Mastodawn

lewurm Jul 30, 2024

I had a feeling that kernel compilation got slower recently and tried to find the slowest file across randconfig builds. It turned out to be arch/x86/xen/setup.c, which takes 15 seconds to preprocess on a reasonably fast Apple M1 Ultra.

This all comes from one line "extra_pages = min3(EXTRA_MEM_RATIO * min(max_pfn, PFN_DOWN(MAXMEM)), extra_pages, max_pages - max_pfn);" that expands to 47MB of preprocessor output after commits 80fcac55385c..867046cc70277.

Arnd Bergmann Jul 23, 2024

If anyone wonders what other files are bad, this is the list of all files with over five second compile times: https://pastebin.com/raw/fXJe7y9P.

The worst case for this particular file was 44 seconds, three times slower than in defconfig.

The median compile time across all files is 0.26s.

🐧sima🐧Jul 23, 2024

@arnd clicked through and pretty much got what I expected 😔

penguin42 Jul 23, 2024

@arnd I guess the AMD ones are all the huge register definitions they have?

Conor Dooley Jul 23, 2024

@arnd so you're telling me that, not only does amdgpu produce most of the build issues that I run into, it also is one of the worst things to enable when it comes to my build time? Hmmge

Arnd Bergmann Jul 23, 2024

@conor the other thing to realize about this driver is that it's about the same size as linux-2.6.12, 5.8M lines of code. I had a look at what makes it so slow to compile and as far as I can tell it's just the size of the individual files and how they contain functions with thousands of lines and dozens of arguments.

Emil Velikov Jul 24, 2024

@arnd can you share the script to get those numbers - or is there a make target for it these days?
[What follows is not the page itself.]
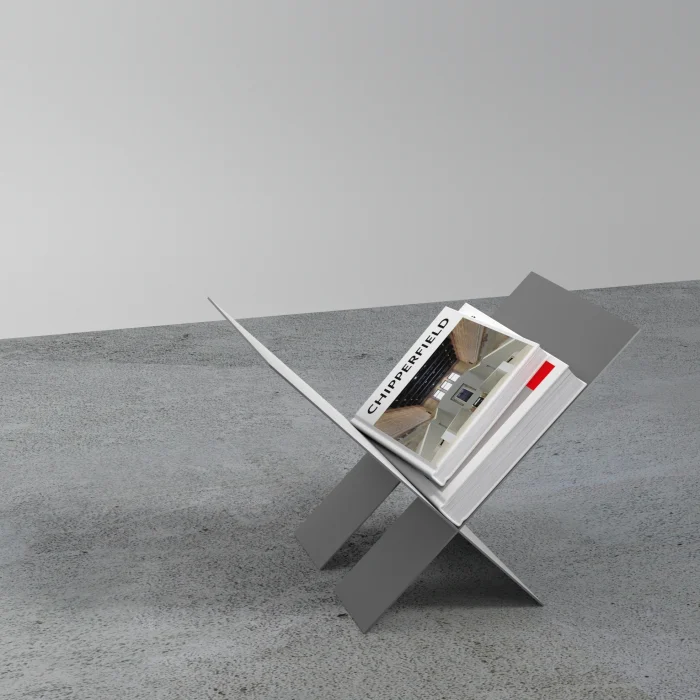 Two aluminum sheets interlock to stand upright. This design embraces raw material, challenging traditional assembly methods.
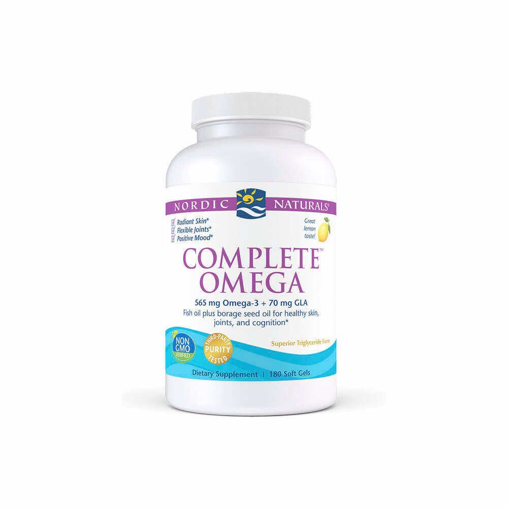 <p data-mce-fragment="1">Complete Omega™ blends omega-3 EPA+DHA with GLA and oleic acid from borage oil in convenient lemon-flavoured softgel.</p><p data-mce-fragment="1"><br></p><p data-mce-fragment="1">This formula offers the perfect balanced combination of omegas 3, 6 and 9, with pure, fresh omega 3 fish oil combined with sustainably sourced borage oil. Made exclusively from 100% wild-caught anchovies and sardines, in the molecular triglyceride form, the form naturally found in fish, so your body can absorb it more easily.</p><p data-mce-fragment="1"><br></p><p data-mce-fragment="1">Suggested use: 2 softgels per day.</p>

jn (big endian energy)Jul 22, 2025

@arnd is this some kind of unchecked/unintentional recursion?

Arnd Bergmann Jul 24, 2025

@jn something like that, yes. IIRC one macro expands its arguments five times or more, and the user nests it several times, so the expression that gets passed in is expanded thousands of times in the end.

Geert Uytterhoeven Jul 23, 2024

@arnd Opening arch/x86/xen/setup.i and going to the end of the offending line looks like a good DoS-attach on vim.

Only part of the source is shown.